# Interesting: The Harvard Classics and Fiction Collection (71 Vols.)



## Broadus (Jan 14, 2009)

Just got the Logos Blog about the The Harvard Classics and Fiction Collection (71 Vols.) on Logos prepub for $99.95.

Seems like an interesting concept to have integrated with the Logos library. Any thoughts?

Bill


----------



## PresbyDane (Jan 14, 2009)

I got the info as well I just think it is easier to get the relevant books instead of a intire library of books I will never need.


----------



## Broadus (Jan 14, 2009)

Martin Marsh said:


> I got the info as well I just think it is easier to get the relevant books instead of a intire library of books I will never need.



Do you mean get the "relevant books" to integrate with the Logos software?
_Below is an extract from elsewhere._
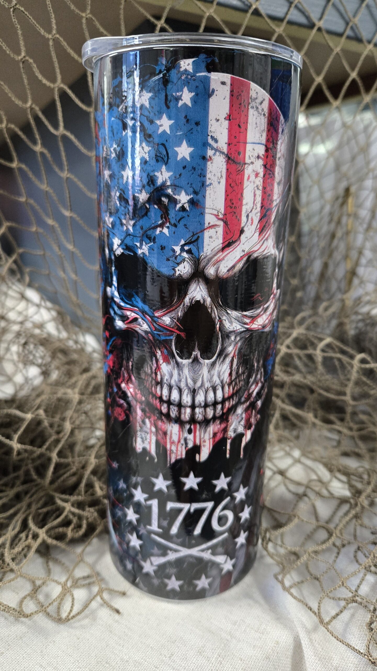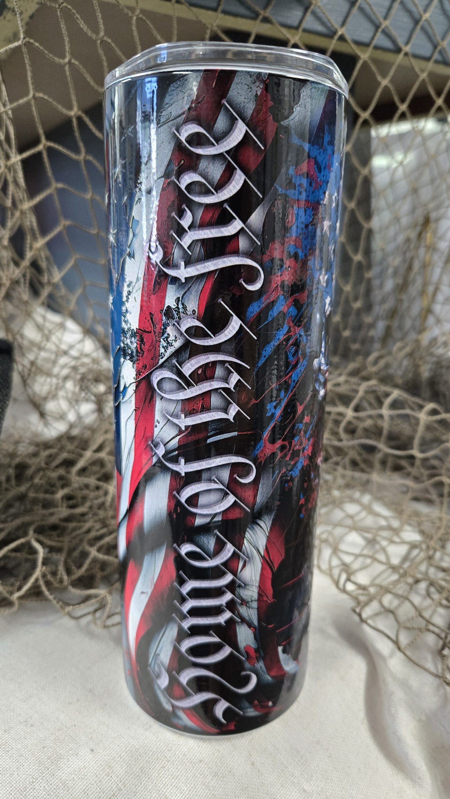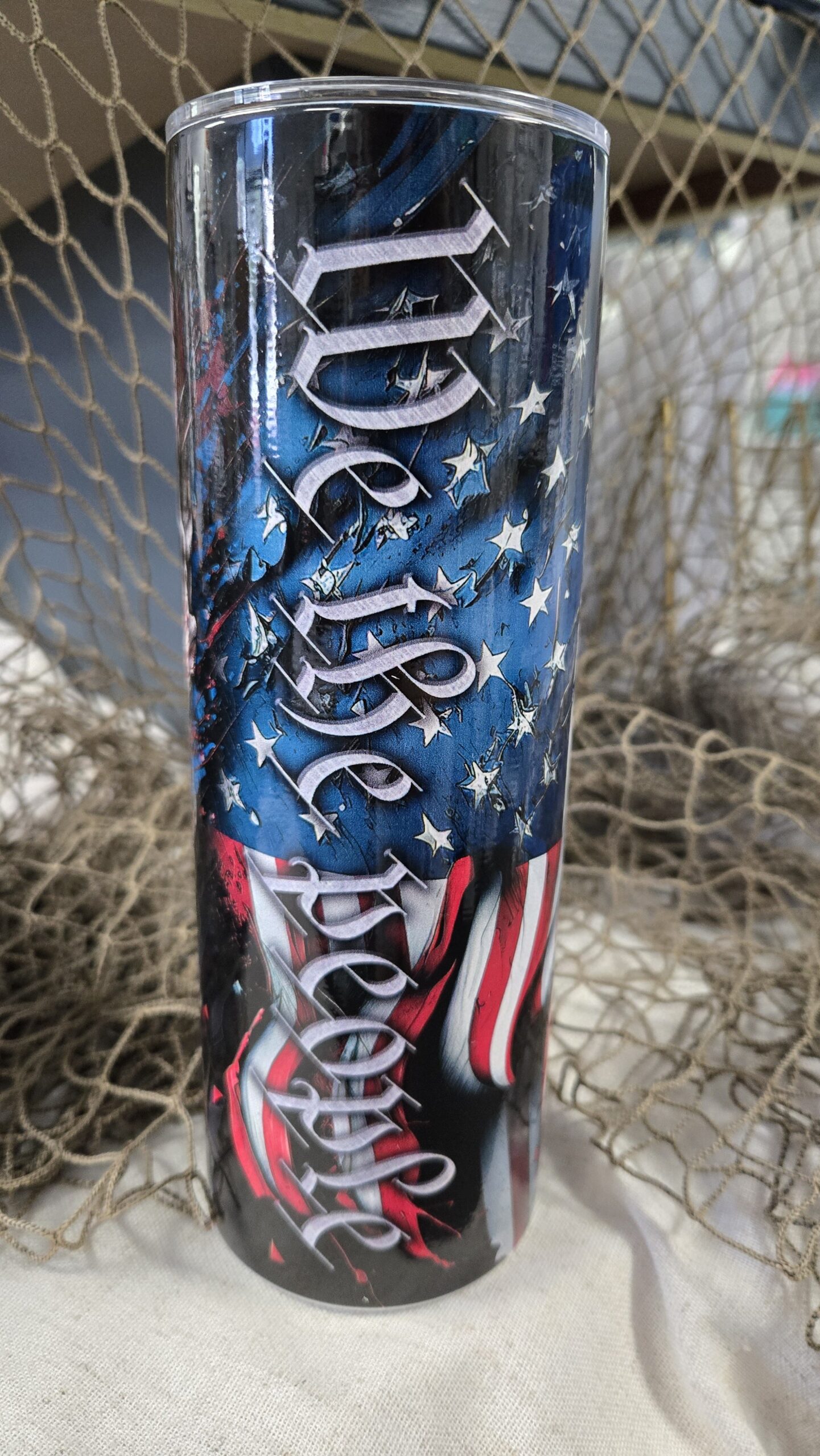This is a 20 oz tall version tumbler with UV printed “We the people” theme. Dishwasher safe top rack, 11hrs hot and 12+ cold. High quality tumbler, vibrant printed colors.

If you can do that, I suspect you'll go way over $100. You can, of course, download from places such as CCEL for free, but that wouldn't integrate in Logos. The question, it seems to me, is whether one finds it valuable to have such resources as part of Logos.

Bill


----------



## Hamalas (Jan 14, 2009)




----------



## Hippo (Jan 15, 2009)

This title has been languishing in pre-pub for so long with little interest I doubt that it will see the light of day.


----------



## philgons (Jan 15, 2009)

Hippo said:


> This title has been languishing in pre-pub for so long with little interest I doubt that it will see the light of day.



Actually, the interest has been very good. The problem is that we (I work for Logos) priced it way too low to get enough pre-orders to cover our costs. It may make it eventually, but it could take some time.


----------



## bookslover (Jan 16, 2009)

What I'd like to see someone do is come out with a disk of all 62 volumes of Spurgeon's sermons - as completely searchable PDF files.

I have the Ages Library disk, but all the sermons have been retyped, and there are typos, etc.


----------